Guy Kirkwood's BPO Backchat
29 jun 2005
Mike Corbett has set up the International Association of Outsourcing Professionals (IAOP). I went to the inaugural meeting of the London "Chapter" hosted by Simmons & Simmons and was rather disappointed.
The theory of setting up an organisation to promote professional standards and subsequently accreditation is a good one. My concern is that the IAOP is too closely aligned to Corbett's business in the US and that the barriers to entry will be too low. As Groucho Marx said: "I don't want to belong to any club that would have me as a member".
If David Barrett of Simmons & Simmons, the chair of the London chapter, can assuage me of my concerns, then I might consider joining, but my current thinking is... no.
24 jun 2005
In the latest (US-centric) world figures from HRO Today, the HRO market has been through some dramatic changes in the the past 12 months.

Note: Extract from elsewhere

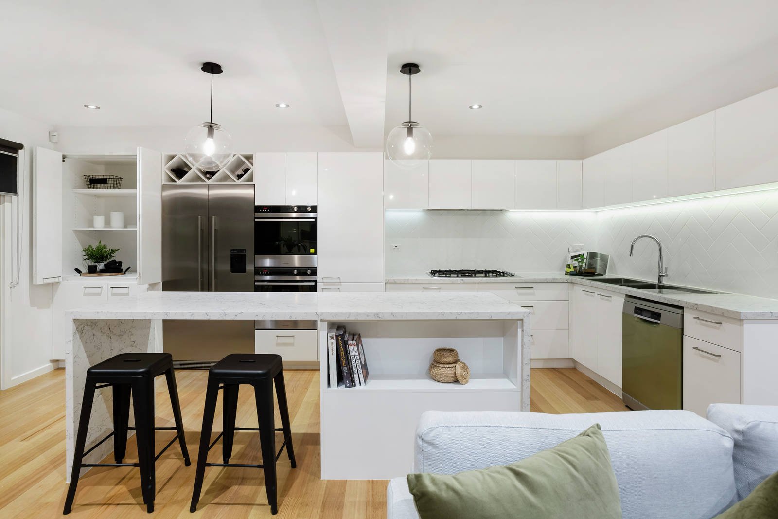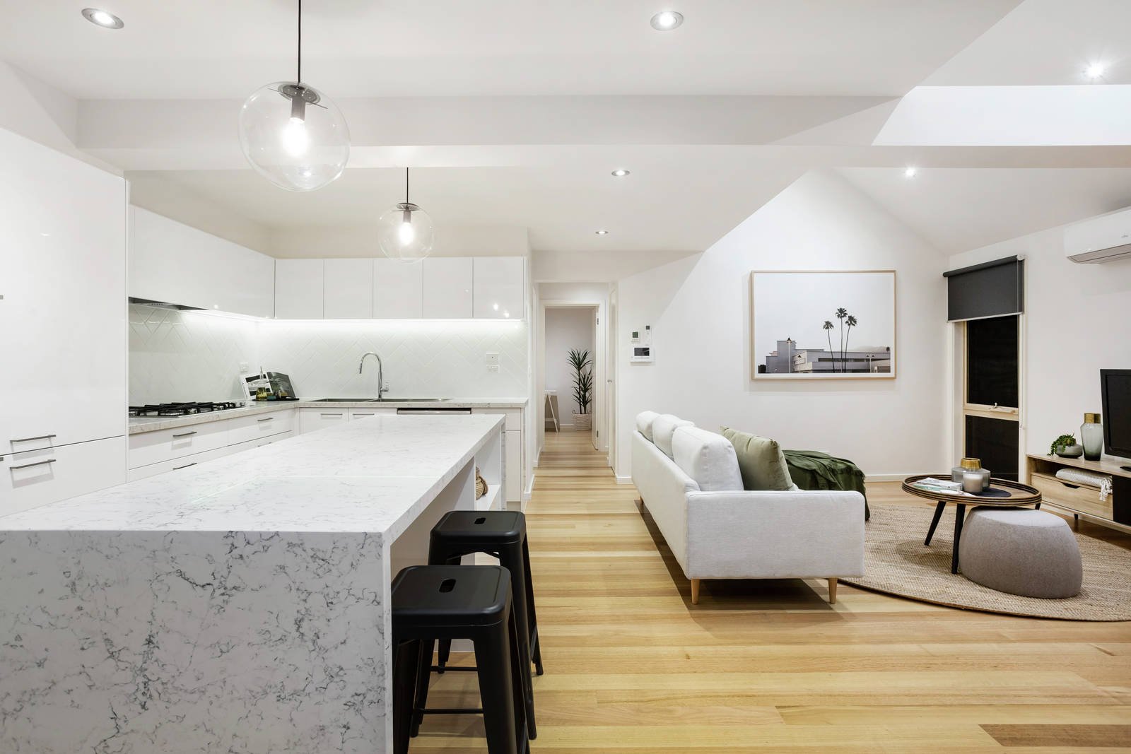 Immaculately presented the home spans 2 impeccable levels with lovely timber floors, 2 sparkling new bathrooms and heaps of storage throughout. On the ground floor a light-drenched living/dining zone enjoys a spacious ambiance under vaulted ceilings with double-glazed stacker doors connecting to the deck and includes a fabulous gourmet-style stone kitchen equipped with Fisher & Paykel double ovens & plumbed fridge, Bosch dishwasher and a waterfall-edge island. A separate formal lounge and large study (or 4th bedroom) provide ample space for relaxation and family harmony.

Last year's list of [the top] 23 became this years 21. All the incumbents got bigger, mostly by acquisition. And the newcomers CGI, Adecco, and Manpower are huge companies in their own right. The Tier 1 large-account game is becoming the Land of the Big. And the mid-market players are not doing too badly either.

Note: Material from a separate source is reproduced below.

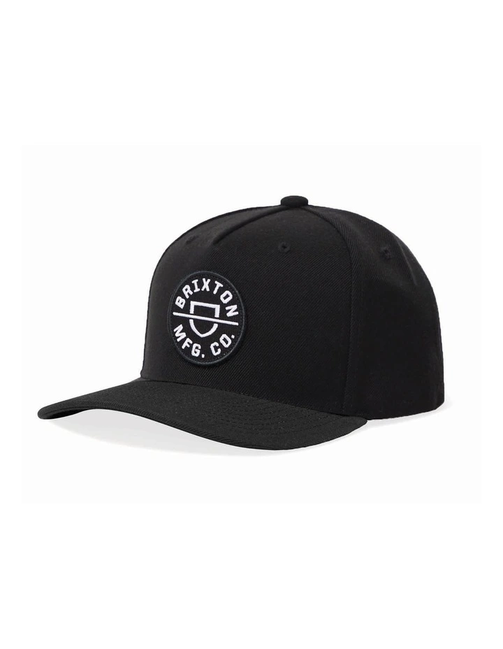 The Crest MP is a structured 5-panel snapback with a lightly curved brim. It features a Bureo NetPlus visor made from recycled fishing nets and is finished with an embroidered Brixton patch.

The article predicts more M&A activity and I would agree. But what I see happening is a convergence between HR and finance and procurement. I'll be speaking about this at an event organised by MercerHR and Management Today in London on 7 July. (Entry is free if you would like to attend and email me your contact details).
23 jun 2005
"The Sun says" is the voice of Britain. This UK tabloid newspaper is regularly credited with making or breaking political lives. When the Murdoch-owned newspaper comments in its editorial, politicians and business leaders have to take note. Not only in the UK, but as Prime Minister Blair prepares to take on the presidency of the European Union, throughout Europe too.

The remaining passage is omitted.